Doty’s collection of seven untitled photographs captures the pure emotion of the subjects while communicating fear, trauma, and distress to the viewers. His pictures capture the subjects just as an action is preemptively about to occur or just after the slightest movement. In “Untitled 5,” a teenager is shown in her neon green room in the middle of an emotional outburst worthy of MTV’s My Super Sweet Sixteen. The picture captures the inhalation of breath just before another scream is belted out. Similarly, “Untitled 1” shows a man with his eyes rolled back into his head and a slight grin appearing on his face, either portraying the moments after an orgasm or the aftereffects of a drug-induced high. Any precise explanation for what is happening in the picture may be difficult to pin down because only the man’s face can be seen, but the curiosity that Doty creates is undeniable. Doty’s voyeuristic perspective into these private moments of anger and joy separates his work from traditional photographs and gives the pictures a true voice. “Untitled 4” captures an overweight man with food dribbled on his beard, sitting in a room covered by beer cans and old Chinese takeout containers.
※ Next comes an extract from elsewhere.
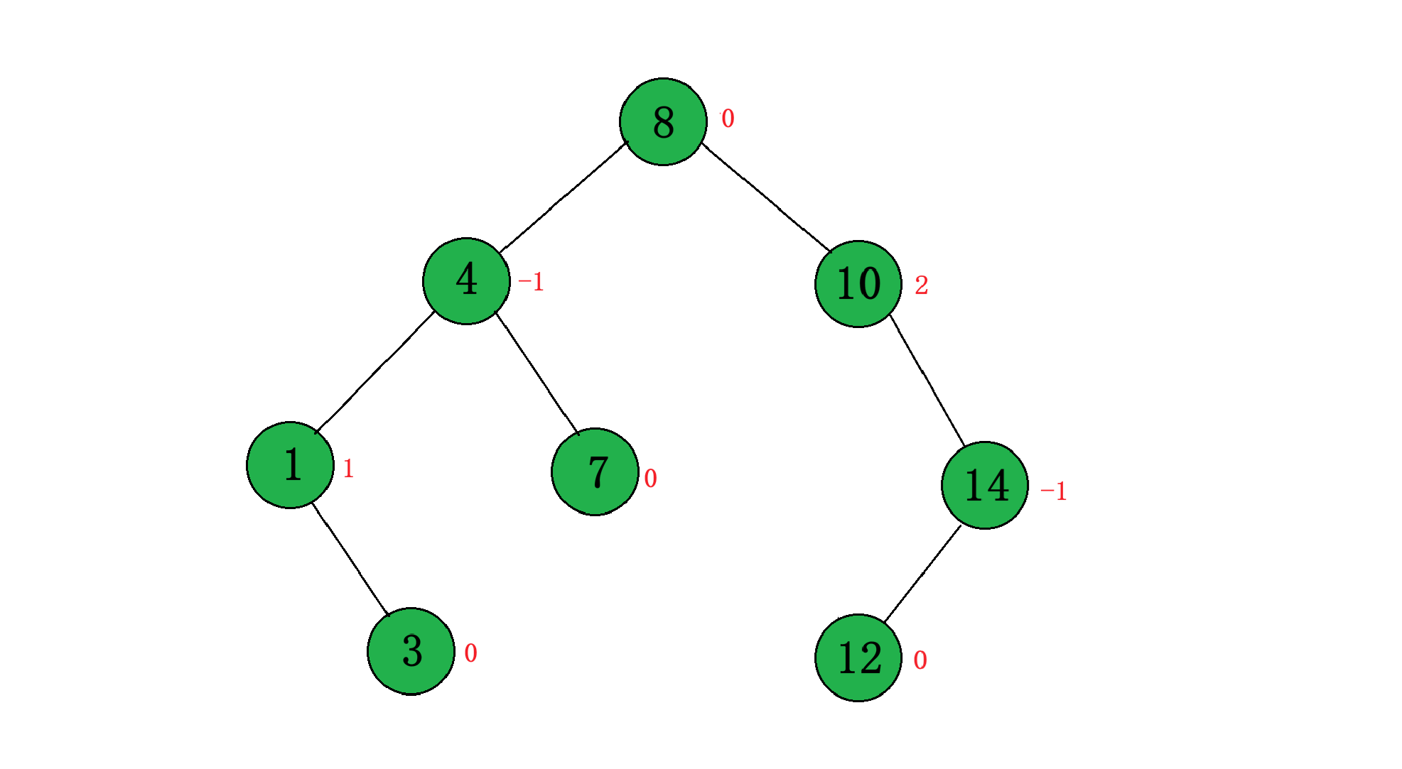 a. 平衡因子 = 右子树高度 - 左子树高度

This moment of complete anguish is not only captured on the man’s face but also in the setting Doty creates.
Though the untitled stills are all orchestrated beforehand, they still maintain their spontaneity because the circumstances seem natural for the subjects. “Untitled 3” presents a man with blood dripping down his face after a fight, leisurely holding a cigarette in the back seat of 1970s sports car. The man’s relaxed posture shows that this may be a normal occurrence for him, and though the figure may not be moving, Doty captures the subject’s restful state and lets the viewer know that this is meant to be a serene moment.
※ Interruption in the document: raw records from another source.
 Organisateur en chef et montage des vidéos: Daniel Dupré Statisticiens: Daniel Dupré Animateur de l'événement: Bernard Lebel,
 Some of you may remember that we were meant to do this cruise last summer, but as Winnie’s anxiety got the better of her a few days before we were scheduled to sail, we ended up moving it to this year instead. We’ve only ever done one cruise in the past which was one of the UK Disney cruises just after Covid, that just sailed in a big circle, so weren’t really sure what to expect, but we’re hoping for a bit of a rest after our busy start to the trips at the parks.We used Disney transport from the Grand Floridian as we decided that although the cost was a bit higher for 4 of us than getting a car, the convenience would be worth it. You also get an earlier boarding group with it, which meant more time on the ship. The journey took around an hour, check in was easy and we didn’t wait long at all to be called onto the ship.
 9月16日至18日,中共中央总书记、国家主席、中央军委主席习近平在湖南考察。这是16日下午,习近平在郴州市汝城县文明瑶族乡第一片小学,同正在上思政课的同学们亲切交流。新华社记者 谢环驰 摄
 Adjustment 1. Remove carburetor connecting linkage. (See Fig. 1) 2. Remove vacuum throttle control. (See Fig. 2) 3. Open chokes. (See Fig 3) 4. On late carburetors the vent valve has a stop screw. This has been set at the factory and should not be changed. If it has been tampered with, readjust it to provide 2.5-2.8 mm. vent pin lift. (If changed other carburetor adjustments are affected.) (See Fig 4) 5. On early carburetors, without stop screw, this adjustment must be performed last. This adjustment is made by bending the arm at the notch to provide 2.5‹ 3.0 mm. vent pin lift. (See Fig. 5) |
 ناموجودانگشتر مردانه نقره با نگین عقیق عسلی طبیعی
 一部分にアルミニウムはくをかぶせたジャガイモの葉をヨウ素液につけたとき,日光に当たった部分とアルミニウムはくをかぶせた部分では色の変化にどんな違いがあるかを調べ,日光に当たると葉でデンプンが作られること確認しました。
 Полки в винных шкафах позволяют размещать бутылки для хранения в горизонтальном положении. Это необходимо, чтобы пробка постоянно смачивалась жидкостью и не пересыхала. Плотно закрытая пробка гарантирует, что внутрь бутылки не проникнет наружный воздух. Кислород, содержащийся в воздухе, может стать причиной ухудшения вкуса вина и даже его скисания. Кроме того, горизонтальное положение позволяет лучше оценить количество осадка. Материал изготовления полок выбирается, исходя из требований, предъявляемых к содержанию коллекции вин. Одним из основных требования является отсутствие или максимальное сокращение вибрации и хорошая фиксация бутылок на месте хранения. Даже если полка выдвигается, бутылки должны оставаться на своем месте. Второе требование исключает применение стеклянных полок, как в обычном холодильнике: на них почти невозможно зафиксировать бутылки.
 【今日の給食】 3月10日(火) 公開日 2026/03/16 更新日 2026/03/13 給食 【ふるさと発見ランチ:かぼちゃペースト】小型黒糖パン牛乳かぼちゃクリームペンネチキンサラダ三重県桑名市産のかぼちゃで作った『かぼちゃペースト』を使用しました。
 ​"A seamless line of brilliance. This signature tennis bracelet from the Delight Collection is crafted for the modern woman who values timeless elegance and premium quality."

Doty’s collection has a beginner’s edge that allows it to be unapologetic and unyielding. Each new picture takes the viewer into a world completely different from that of the last photograph and evokes exactly the same emotion that its subject is experiencing. As an emerging artist, Doty shows great potential for later works that, on a much larger scale, will initiate discussions and question conventional photography.
It is true that museums like the MCA do run the risk of isolating certain patrons when featuring an artist like Doty. But without risks, how does one progress? This month’s UBS 12x12 shows that by taking a chance on art, museum-goers will encounter a collection of photographs that unrelentingly and unforgettably capture distress and joy.